Questions: Clinical Nutrition Support: Enteral and Parenteral Feeding
5 questions to test your understanding
Score: 0 / 5
Question 1 Multiple Choice
A critically ill patient on mechanical ventilation has a functioning gastrointestinal tract but cannot eat. Which nutrition route is most appropriate and why?
AParenteral nutrition, because it bypasses aspiration risk and delivers nutrients with greater precision
BEnteral nutrition, because it maintains gut barrier integrity, gut-associated immune function, and prevents bacterial translocation
CParenteral nutrition, because it is faster to initiate and requires no tube placement
DEither route is equivalent as long as caloric and protein targets are met
When the GI tract is functional, enteral nutrition is always preferred. The gut is not merely a passive conduit — it is an active immune and endocrine organ. Luminal nutrition maintains the intestinal epithelium, stimulates gut-associated lymphoid tissue, and prevents the bacterial translocation that can occur when the mucosa atrophies during prolonged fasting. Option A reflects a common clinical misconception; parenteral nutrition is reserved for when the gut is non-functional or inaccessible.
Question 2 Multiple Choice
A 24-year-old woman with severe anorexia nervosa is admitted after weeks of near-total starvation. On day 3 of enteral refeeding at a modest caloric rate, she develops cardiac arrhythmias and acute respiratory weakness. The most likely explanation is:
AAspiration pneumonia from the nasogastric tube, causing hypoxia and cardiac irritability
BHyperglycemia from the carbohydrate load causing osmotic fluid shifts into cells
CHypophosphatemia from intracellular phosphate shift driven by insulin release upon carbohydrate reintroduction
This is classic refeeding syndrome. During starvation, intracellular phosphate stores are depleted while serum levels are maintained near-normal through compensatory shifts. When carbohydrate is reintroduced, insulin surges and drives glucose into cells for metabolism — taking phosphate (needed for glycolysis and ATP synthesis) with it. Serum phosphate plummets, causing hypophosphatemia severe enough to impair cardiac muscle, respiratory muscle, and erythrocyte function. Option D is wrong because she is on enteral, not parenteral, nutrition.
Question 3 True / False
Pre-refeeding serum electrolyte levels in a severely malnourished patient are often near-normal, suggesting that refeeding syndrome risk is low.
TTrue
FFalse
Answer: False
This is the critical misconception that makes refeeding syndrome so dangerous. During starvation, cells release phosphate, potassium, and magnesium into the bloodstream, and the kidneys conserve these minerals — keeping serum levels apparently normal despite massively depleted intracellular stores. The 'normal' serum value is a compensated equilibrium, not a reflection of true body stores. When refeeding begins and insulin drives these minerals back into cells, serum levels can fall precipitously.
Question 4 True / False
Parenteral nutrition bypassing the gut means that every nutrient that would normally be absorbed from food must be explicitly included in the formulation.
TTrue
FFalse
Answer: True
Unlike enteral nutrition, which can rely on normal digestive and absorptive processes to extract nutrients from formula, parenteral nutrition requires the clinician to prescribe each component individually: glucose, lipid emulsion, crystalline amino acids, electrolytes (sodium, potassium, calcium, magnesium, phosphate), vitamins, and trace elements.

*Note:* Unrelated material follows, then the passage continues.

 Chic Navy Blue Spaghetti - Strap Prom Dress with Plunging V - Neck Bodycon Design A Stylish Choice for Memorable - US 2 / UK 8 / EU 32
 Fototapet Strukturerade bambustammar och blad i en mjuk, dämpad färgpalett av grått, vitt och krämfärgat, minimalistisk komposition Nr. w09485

This provides precise control but also means that any omission or error in compounding is directly delivered to the bloodstream with no absorptive buffering.
Question 5 Short Answer
Why does refeeding syndrome cause dangerous drops in serum phosphate, and why do near-normal serum phosphate levels before refeeding begins give a false sense of security?
Think about your answer, then reveal below.

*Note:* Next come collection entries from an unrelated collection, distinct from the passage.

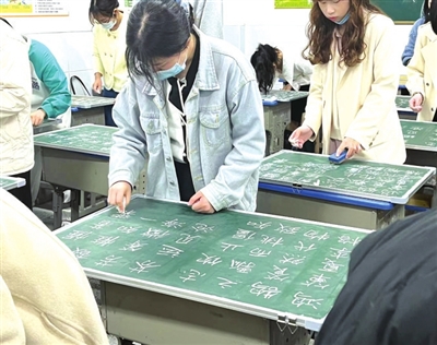 在粉笔字和钢笔字比赛现场,参赛教师尽情挥洒着手中之笔,他们书写的字体有的洒脱大气、遒劲刚毅;有的飘逸舒展、运笔秀巧;有的笔画工整、稍显稚嫩……不一会儿一幅幅各具特色的作品便呈现在评委们面前,形成了一道道亮丽的风景线。
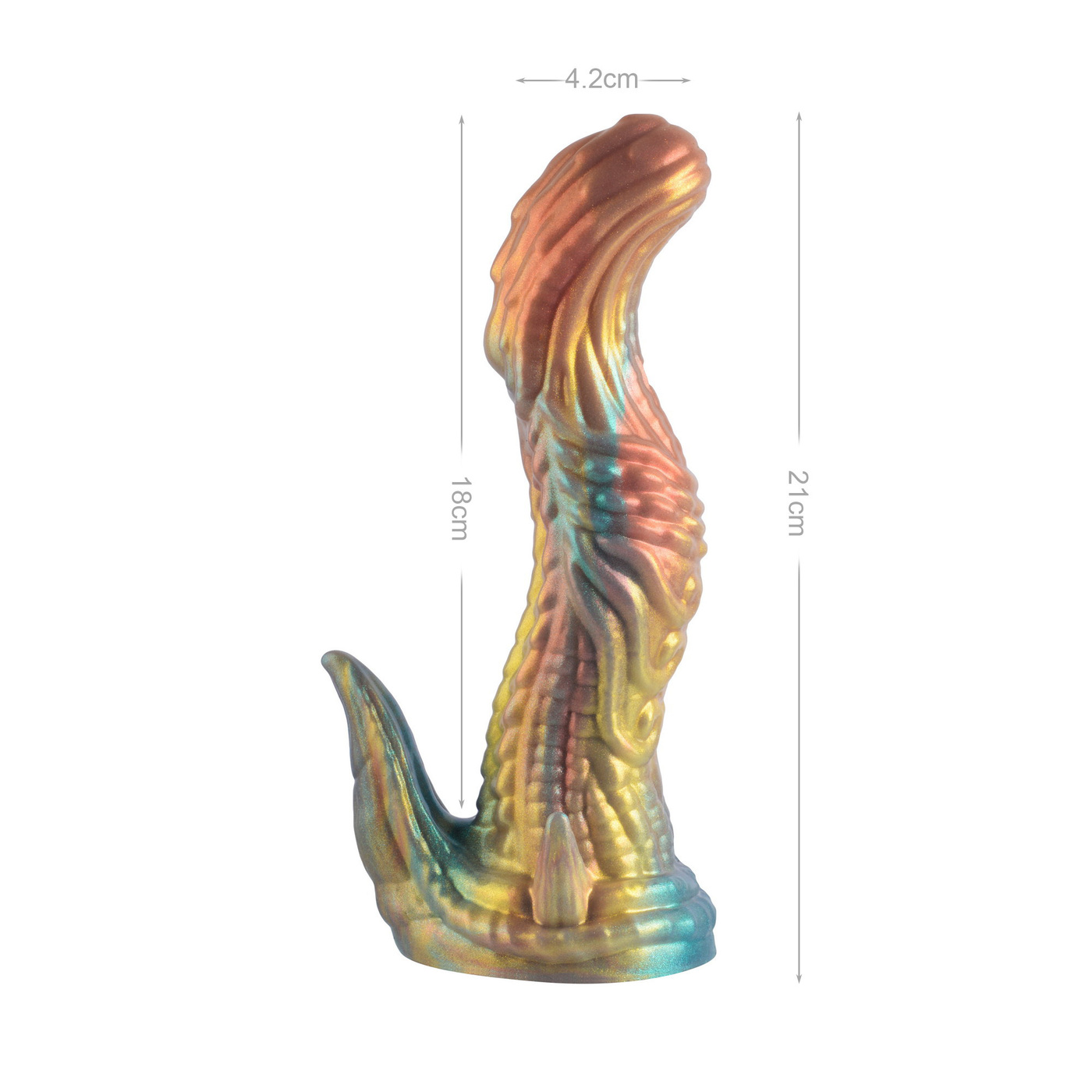 . Alien dildo for sci-fi fantasies and out-of-this-world role play.. It’s a mix of violet, gold, pink, blue, and flecks of glitter.. A firm, flexible core and a soft, squishy exterior?- perfect for G-spot or P-spot pleasure.?. Use the suction-cup base for hands-free fun or strap-on play.. Made of body-safe, phthalate-free premium silicone feels amazingly soft to the touch?.Material: Premium SiliconeAllergens: Latex-Free, Phthalate-FreeDiameter: 1.65 inch (4.2cm)Base Diameter:3.15 inch (8cm)Insertable Length: 7 inches (18cm)Overall Length: 8.2 inches (21cm)Packaged Weight:0.8kg
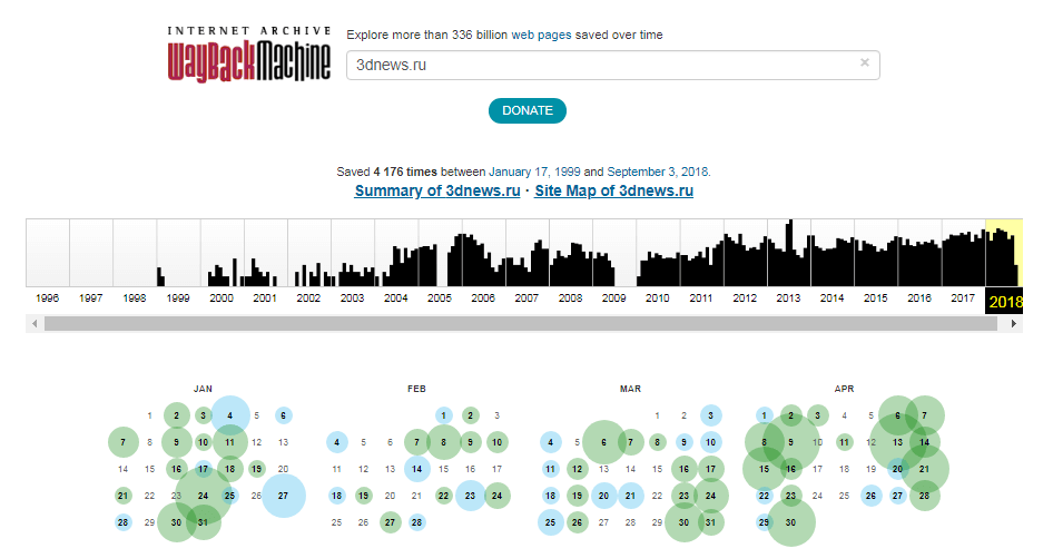 Эта своеобразная машина времени для 336 миллиардов страниц демонстрирует года активности сайтов и скрины их внешнего вида.

Model answer: During starvation, cells release phosphate into the bloodstream and the kidneys retain it, maintaining serum levels near-normal despite depleted intracellular stores. This compensated state collapses when carbohydrates are reintroduced: insulin secretion surges, driving glucose into cells for glycolysis and ATP synthesis — a process that consumes large amounts of phosphate. Phosphate rushes into cells faster than the depleted stores can buffer the shift, and serum levels plummet. The pre-refeeding 'normal' serum value is an artifact of starvation physiology, not a reflection of total body phosphate.
The practical implication is that risk stratification for refeeding syndrome must rely on clinical history (duration of starvation, degree of weight loss, underlying conditions) rather than serum electrolyte levels. High-risk patients require electrolyte repletion before refeeding begins, slow initiation of nutrition, and close monitoring during the first week regardless of their pre-refeeding lab values.